Maintain a straight line from your head to your toes. Straighten your arms to assume the push up start position.
Now lower to bring your chest down to touch the floor.
From here hover to bring your body up around six inches and back down again. Perform your reps between this range to intensively target the chest muscles.
Plank to Push Up
Position yourself on the floor in a traditional plank position, with just your forearms and toes touching the floor. Maintain a straight line from head to toe.
Now lift your right forearm off the ground and reposition to a palm contact position. Repeat with the left side. This will put you in a push up position. Now reverse the action to return to the start position. That is one rep.
Goal Push Ups
Set a goal for your push ups and get there in as few sets as possible.

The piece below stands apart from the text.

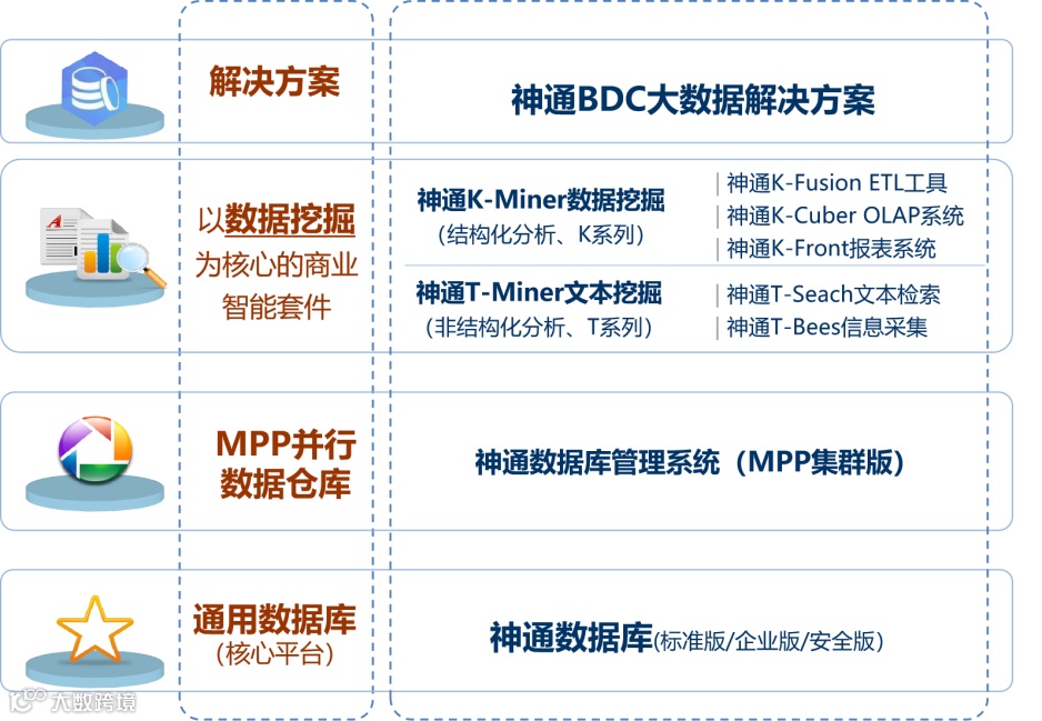 天津神舟通用数据技术有限公司(以下简称神舟通用公司)成立于2008年,隶属于中国航天科技集团(CASC),是一家从事数据库、大数据解决方案和数据挖掘分析产品研发的高新技术企业,获得了国家核高基科技重大专项重点支持,是核高基专项的牵头承担单位。

Let’s say that your target is 100 push ups. Maybe you get 43 on the first set. You’ve now got 57 to go.
Rest for 2 minutes and then go against. You might get 32 on the next set.That’s a total of 75 – 25 to go!
Rest for another 2 minutes and then push hard to get that last 25 in your 3rd set.
Ladder Push Ups
Start with a designated number of push ups, depending on the current number of push ups you can perform in one set. If you can do less than 10, start with one rep. If your max is between 10 and 25, start at 5. If you can do more than 25 in a set, start with 10 reps.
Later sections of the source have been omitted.